À partir de ces documents, la narratrice « invente différentes histoires pour répondre au mystère du petit tas d’ordure dont émerge le spectre d’une destinée ». Elle imagine alors une vie féminine derrière ces objets trouvés, elle en écrit la légende faite de souffrances et de compromissions. Mais cette découverte est aussi l’occasion, pour la narratrice, de révéler des éléments de sa propre biographie. Ces ordures ramassées, longuement regardées et interprétées, racontent alors des scènes de la vie de celle qui les a recueillies, d’un grand-père chiffonnier venu de Pologne, de scènes d’enfance, de lieux traversés, de rites quotidiens, de pensées intimes.
Le tas d’ordure est tantôt le personnage de ce récit, tantôt le faisceau de lumière, la flamme qui éclaire l’histoire, un rayon lumineux porté sur les objets et sur le langage.
Car, de l’ordure, la narratrice glisse vers la recherche d’un ordre narratif. Ordure/ordre, fange/ange, le texte danse sur le sens et la poésie des mots associés, sur l’étrange ressemblance de notions aux contenus pourtant, a priori, éloignés.
Le tas délaissé dans la rue, hébergé comme on accueille un étranger à qui on fait une place dans sa maison, au moment où elle-même s’apprête à déménager, permet à la narratrice d’explorer ce que l’on garde et ce que l’on jette.
« Comme tout le monde, chaque jour j’oscille entre le sac-poubelle et la boîte à archives. Ce tri permanent s’effectue dans la vie matérielle mais aussi dans ma tête. »
Le récit interroge la différence entre un déchet et une archive. Qui décide que tel objet est archivable dans un musée et tel autre digne du dépotoir ? Le tas d’ordure devient un lieu de réflexion plus globale sur la société de surproduction, sur la valeur marchande des objets, la conception de l’art, la fabrique des célébrités et nos modes de consommation.
Le récit, comme l’archive et comme le déchet, emprunte ainsi le chemin du privé vers le public. « Quoi de plus privé et public qu’un déchet ? Sa naissance est intime mais sa destinée est publique. » De la poubelle personnelle de la maison, il passe vers celle de la rue, puis finit dans le grand incinérateur et, finalement, devient un élément de l’air ambiant empli de la fumée de tous les déchets du monde…
De mots en idées, d’objets en réflexions, Sans valeur dessine une histoire de notre époque consommatrice. Diversions, apartés, parenthèses : c’est une écriture du détournement dans laquelle le lecteur, emporté comme dans une ritournelle, avance tout en tournant et retournant les perceptions.

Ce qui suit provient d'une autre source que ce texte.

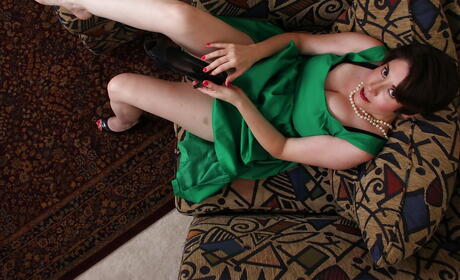 Superb mature Sadie Jones exposing big knockers and toying her pussy

L’accumulation des objets mène, sous la plume de Gaëlle Obiégly, vers un écoulement du sens, comme un fleuve qui va vers la mer et qui récupère en chemin cailloux et gravats, déchets et trésors. Et lorsqu’on pense que le sens est saturé, jaillit une nouvelle source dont le chant traverse les phrases de l’autrice.
L’écriture de Gaëlle Obiégly laisse entendre une voix singulière où affleure le ton d’une conversation. C’est une écriture qui croise une musique intérieure, passant de la main de celle qui trace les lettres à l’œil de ceux qui les lisent, comme une parole intime, une voix orale qui serait conservée dans l’écrit.
S’il y a du Pérec dans ce livre – le Pérec des Choses, des listes et de l’intérêt pour l’infra-ordinaire –, on y retrouve aussi l’ombre de Montaigne qui nous apprend à affronter la vérité de notre finitude, car finalement, comme le déchet, nous sommes voués, nous aussi, en tant qu’humain, à la disparition.
Le petit tas d’ordure raconte aussi une éducation sentimentale de laquelle découle un point de vue politique qui cherche à traquer les préjugés de classe sur ce qui est désigné comme beau, valorisant, cher ou précieux.
C’est toute cette richesse de sens que nous donne à voir et à penser ce livre qui fait jaillir la littérature du déchet, de l’infiniment petit, du jetable, des choses laissées pour compte, des objets SDF, de la fange, de la marge ; tout ce qui, dans la société marchande, est désigné comme « sans valeur ».
Sans valeur de Gaëlle Obiégly, Bayard, 2024, 144 p.